According to data collected by MandateWire for its Deal Flow Q3 2021 report, there were also a number of fiduciary management appointments in the period, while news filtered through that many of the 56 UK corporate pension funds surveyed in the quarter had spent previous months ramping up their fixed income assets.
MandateWire reported on 21 bulk annuity transactions among UK corporate pension funds over Q3 2021, 17 of which were signed during the quarter. This is the most deals signed in 2021 so far, with seven agreed in the first quarter and 12 in the second quarter.
The volume of buy-in and buyout transactions signed in Q3 was $6.5bn (£4.9bn), which is more than double the volume of $2.7bn tracked in Q2.
The APP is a very significant event in the fund’s lifetime as we move closer to securing our members’ benefits
This included three large buy-ins that were worth almost £1bn each. The more than £1bn Legal & General Group UK Pension and Assurance Fund completed a £925m assured payment policy transaction with Legal & General Assurance Society.
Chris Martin, managing director at Independent Trustee Services, and chair of the trustees of the scheme, said that “the APP is a very significant event in the fund’s lifetime as we move closer to securing our members’ benefits”.

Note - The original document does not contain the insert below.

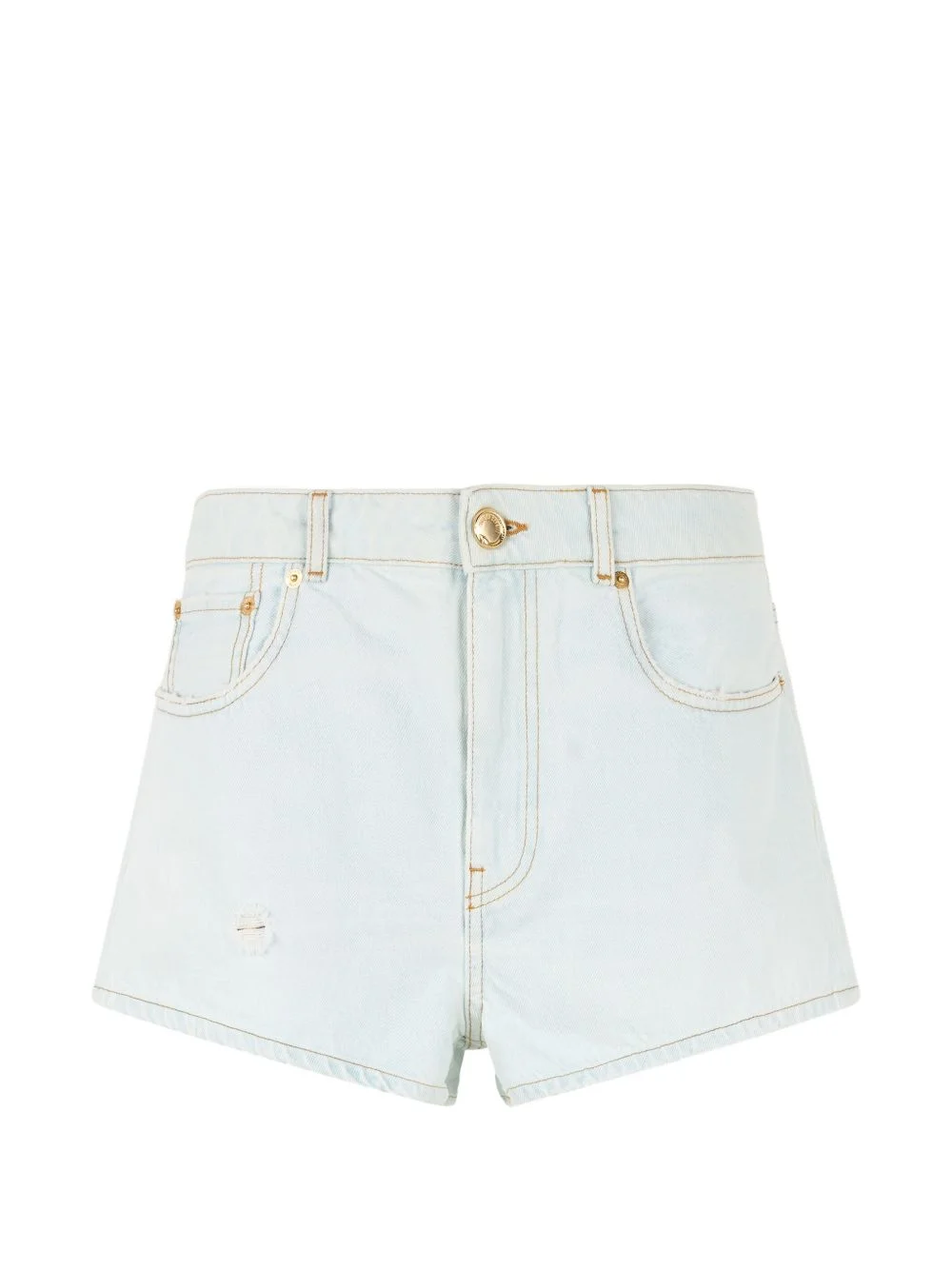 distressed-details denim shorts Highlights - Light blue - Button fly fastening - Classic five pockets - Belt loops Imported Composition Fabric 100% Washing instructions Read Manufacturer Guidelines

Similarly, Phoenix Group entered into a £998m buy-in agreement with its own £2.9bn Pearl Group Staff Pension Scheme. More transactions are expected for this scheme as a series of buy-ins are scheduled to be executed by December 31 2023.
The £3.6bn Kingfisher Pension Scheme also completed a £900m bulk annuity transaction with Aviva Group, which is the third derisking deal for the scheme.
Four mandates were awarded in Q3 by the pension funds surveyed. These were all fiduciary or outsourced investment management mandates, and two of them were won by Russell Investments.
In September, the £12bn National Grid Pension Scheme confirmed via a joint statement with Russell that it was “in the early stages of implementing an outsourced investment solution” with the manager.
In the same month, the £1.5bn Capita Pension & Life Assurance Scheme selected Russell Investments as its fiduciary manager, commenting that “fiduciary management is expected to give the scheme access to a wide range of investments, typically with lower fees, but with less complexity and time commitment for the trustee”.
The fund may also be hoping that Russell’s appointment will help ease the burden of increased climate-reporting regulations that were introduced earlier this year as part of the Pension Schemes Act 2021, with Andy Wadley, trustee chair, noting that Russell’s expertise in the environmental, social and governance space “will be highly beneficial in helping us meet our investment objectives”.
As a pension fund with more than £1bn in assets, the Capita Pension & Life Assurance Scheme now has less than a year until it will be subject to new climate-reporting requirements.
The regulations will come into play for schemes with more than £1bn in assets from October 1 2022 and, under them, pension funds will have to put governance arrangements in place for managing climate-related risks and publish a report explaining how they have done so.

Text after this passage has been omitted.